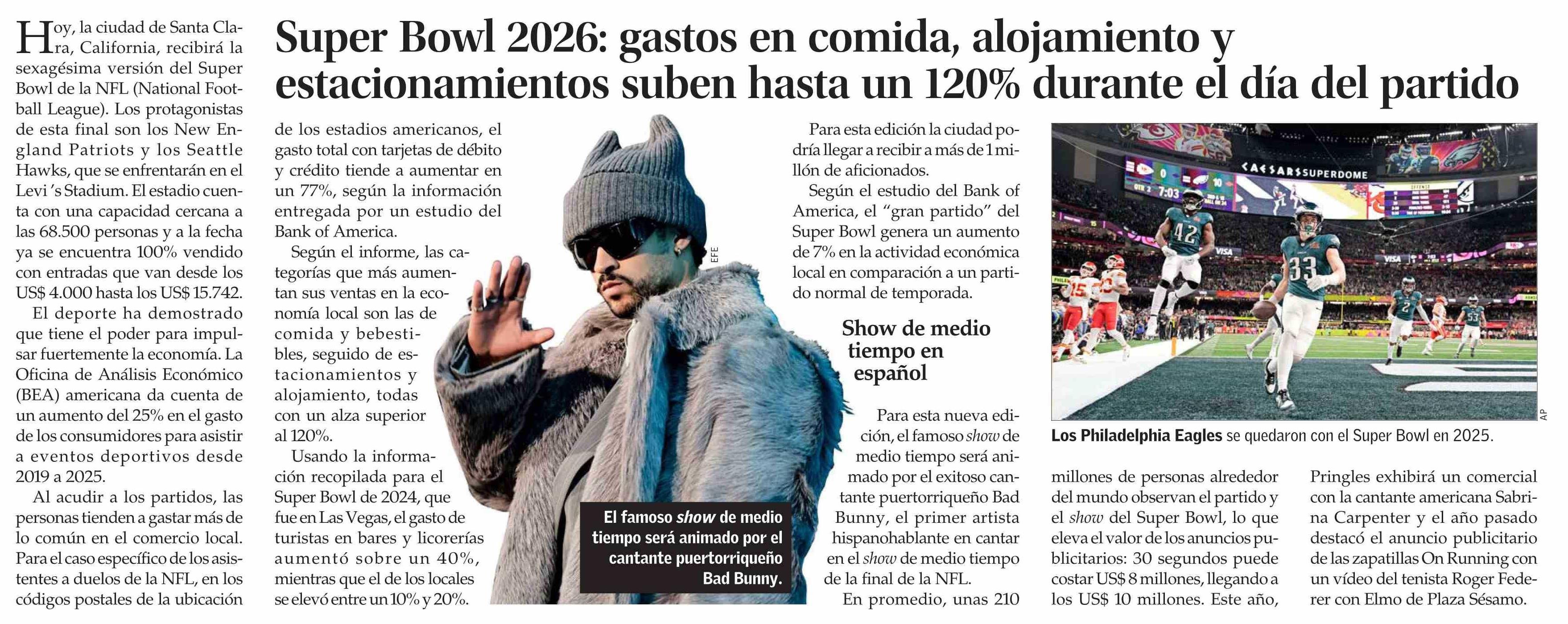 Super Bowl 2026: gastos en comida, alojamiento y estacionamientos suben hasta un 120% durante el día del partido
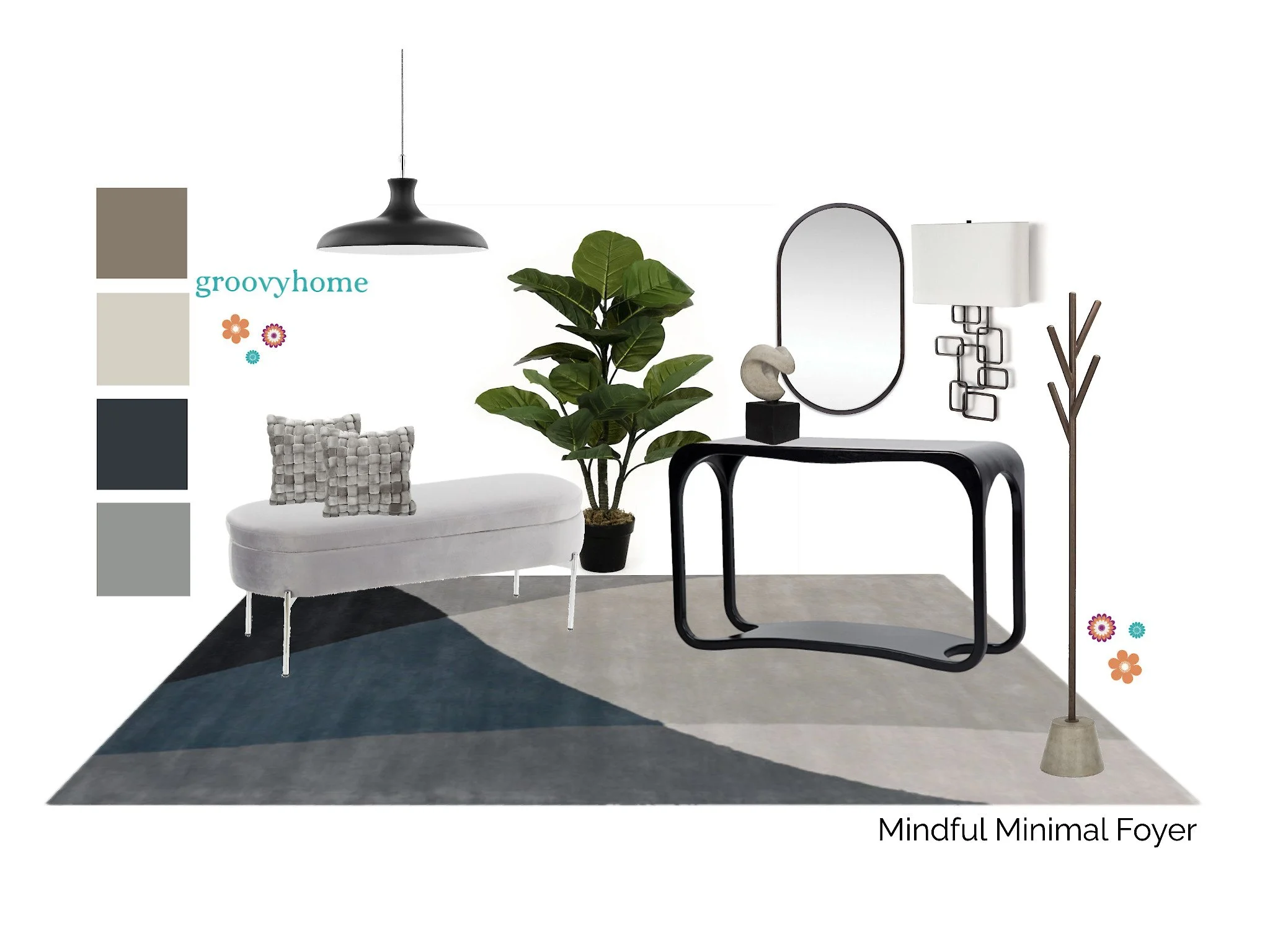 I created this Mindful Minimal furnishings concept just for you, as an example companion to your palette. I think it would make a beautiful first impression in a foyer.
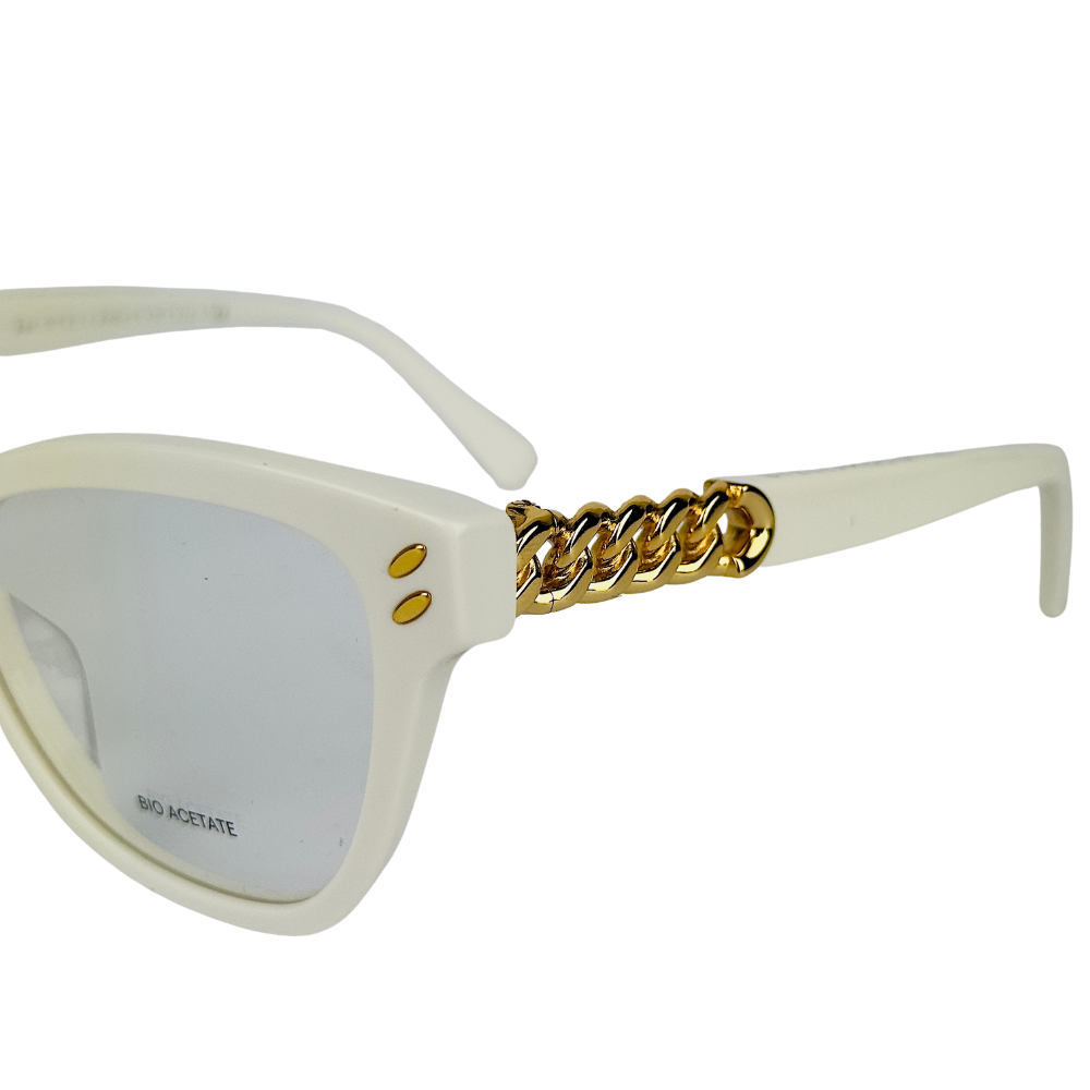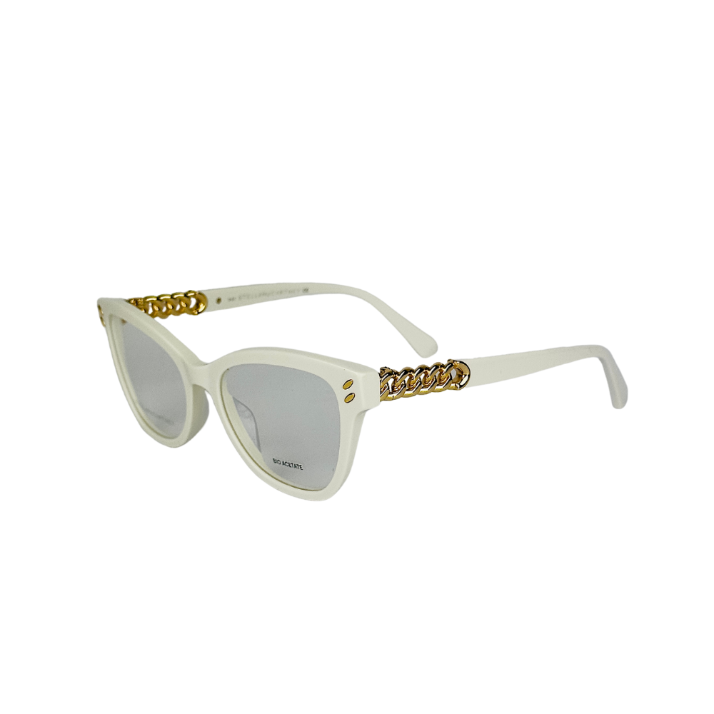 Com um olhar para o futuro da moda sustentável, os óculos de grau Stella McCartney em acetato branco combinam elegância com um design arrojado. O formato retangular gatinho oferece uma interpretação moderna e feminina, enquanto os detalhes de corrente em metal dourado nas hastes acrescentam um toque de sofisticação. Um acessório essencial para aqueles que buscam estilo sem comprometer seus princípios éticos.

Exercise details: Exact copy required, pictures excluded: the lines from the one holding "I created this" through the last line of the data, both ends included.

Result below:
 I created this Mindful Minimal furnishings concept just for you, as an example companion to your palette. I think it would make a beautiful first impression in a foyer.
 Com um olhar para o futuro da moda sustentável, os óculos de grau Stella McCartney em acetato branco combinam elegância com um design arrojado. O formato retangular gatinho oferece uma interpretação moderna e feminina, enquanto os detalhes de corrente em metal dourado nas hastes acrescentam um toque de sofisticação. Um acessório essencial para aqueles que buscam estilo sem comprometer seus princípios éticos.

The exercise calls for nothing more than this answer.